Data provided -
··········
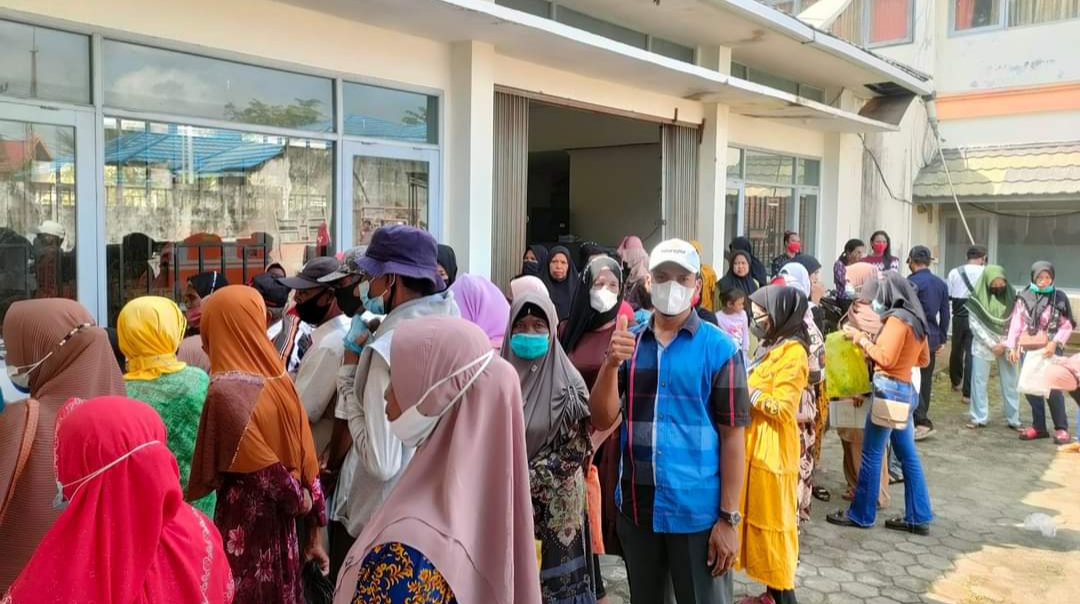 ARB INdonesia, INDRAGIRI HILIR – Kepala Desa Panglima Raja, Kecamatan Concong, Kabupaten Indragiri Hilir mendapangi masyarakat untuk mengambil Bantuan Sosial Sembako (BSS) di Kantor Pos Tembilahan, Rabu (23/2/2022).
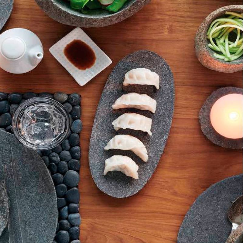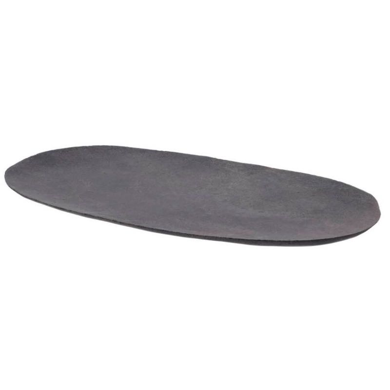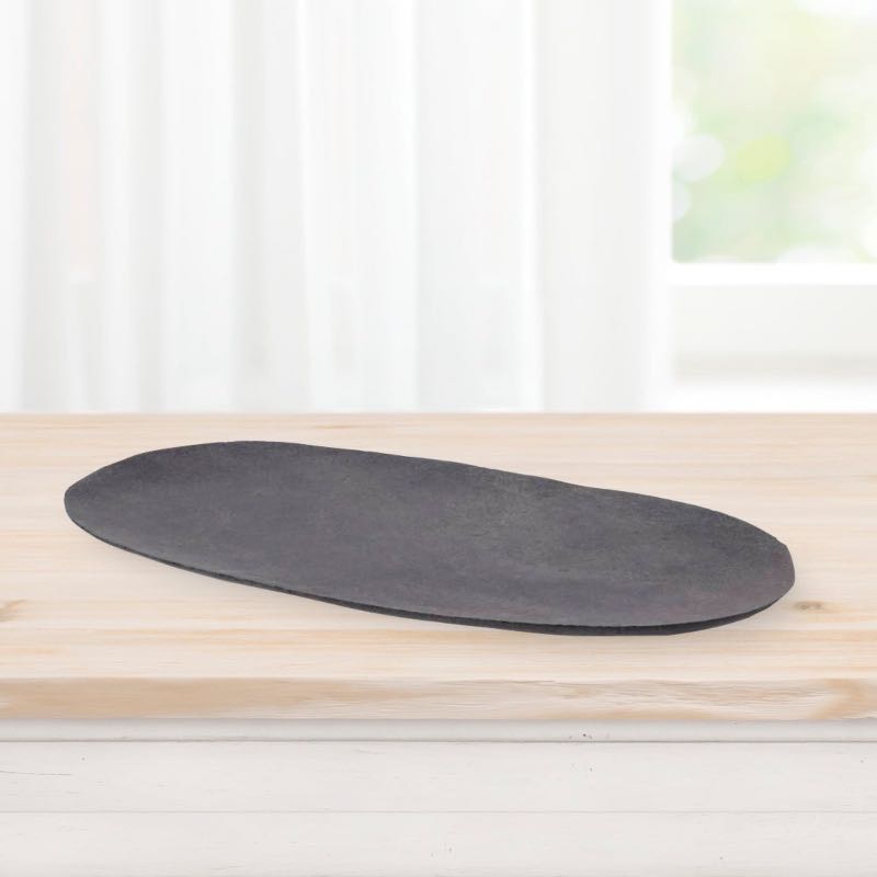 This Stoneshard Platter is as authentic as you can get when it comes to stoneware. Crafted from real river stones this platter is carefully cut sanded and polished smooth on both sides giving you an earthy addition to your eclectic table. Theyre sure to make a textural complement to dinner plates and an appealing serving piece on a buffet. Display them as serving boards or trivets for varied use.
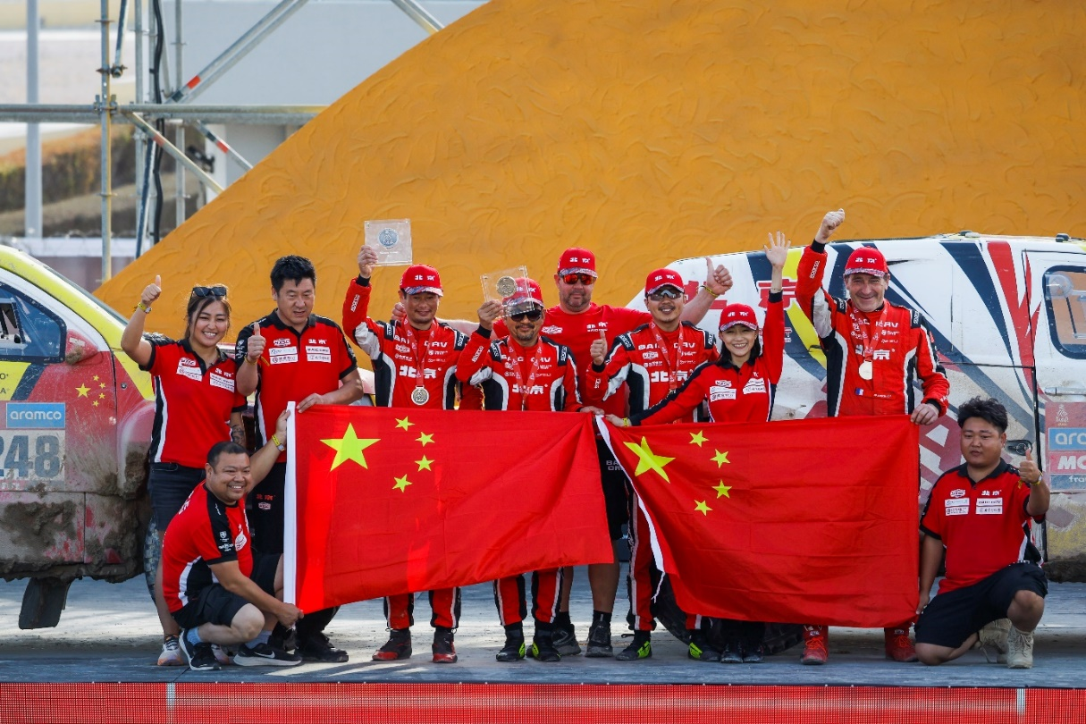 As the only Chinese car manufacturer team, BAIC ORV team is competing in Dakar for the third year. Between the two BAIC teams, BAIC ORV Team 233# composed of Zhang Guoyu/Jean Pierre GARCIN won 10th place in the T1+ category, as well as first among Chinese manufacturer teams. The other Team 248#, Zi Yunliang/Sha He, won the Dakar 2023 Winner Rookie Award of the Year. Moreover, Team 233# won China's first FIA World Rally Raid Championship (W2RC) stage points and ranked 12th with 10 pints in the Dakar Rally. BAIC ORV Team ranked 4th among the FIA W2RC manufacturer teams.
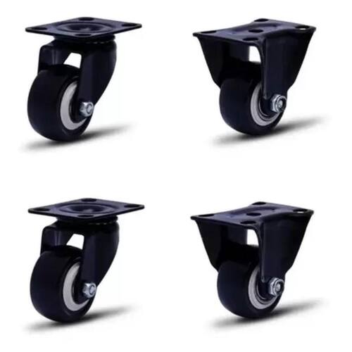 Em aço com acabamento epóxi preto resiste a corrosão, apresenta boa mobilidade, baixo ruído, maciez, conforto e não marca o piso roda com duplo rolamento de de precisão, núcleo em polipropileno branco e banda de pvc bp preta . Dureza 75 shore a -10c a 50c . Kit sendo 2 rodizios giratórios e 2 rodizios fixos, fixação placa retangular 4 furos medidas 70 x 50 mm entre furos 50 x 35 mm, altura rodízio 74 mm, capacidade carga por rodízio 50 kgs, eixo duplo rolamento de roda 2 50 mm, garantia 3 meses defeito fabricação Marca: Movifacil
··········
Problem to solve -
Write out the listing word for word, omitting the pictures it holds.

Result below -
 ARB INdonesia, INDRAGIRI HILIR – Kepala Desa Panglima Raja, Kecamatan Concong, Kabupaten Indragiri Hilir mendapangi masyarakat untuk mengambil Bantuan Sosial Sembako (BSS) di Kantor Pos Tembilahan, Rabu (23/2/2022).
 This Stoneshard Platter is as authentic as you can get when it comes to stoneware. Crafted from real river stones this platter is carefully cut sanded and polished smooth on both sides giving you an earthy addition to your eclectic table. Theyre sure to make a textural complement to dinner plates and an appealing serving piece on a buffet. Display them as serving boards or trivets for varied use.
 As the only Chinese car manufacturer team, BAIC ORV team is competing in Dakar for the third year. Between the two BAIC teams, BAIC ORV Team 233# composed of Zhang Guoyu/Jean Pierre GARCIN won 10th place in the T1+ category, as well as first among Chinese manufacturer teams. The other Team 248#, Zi Yunliang/Sha He, won the Dakar 2023 Winner Rookie Award of the Year. Moreover, Team 233# won China's first FIA World Rally Raid Championship (W2RC) stage points and ranked 12th with 10 pints in the Dakar Rally. BAIC ORV Team ranked 4th among the FIA W2RC manufacturer teams.
 Em aço com acabamento epóxi preto resiste a corrosão, apresenta boa mobilidade, baixo ruído, maciez, conforto e não marca o piso roda com duplo rolamento de de precisão, núcleo em polipropileno branco e banda de pvc bp preta . Dureza 75 shore a -10c a 50c . Kit sendo 2 rodizios giratórios e 2 rodizios fixos, fixação placa retangular 4 furos medidas 70 x 50 mm entre furos 50 x 35 mm, altura rodízio 74 mm, capacidade carga por rodízio 50 kgs, eixo duplo rolamento de roda 2 50 mm, garantia 3 meses defeito fabricação Marca: Movifacil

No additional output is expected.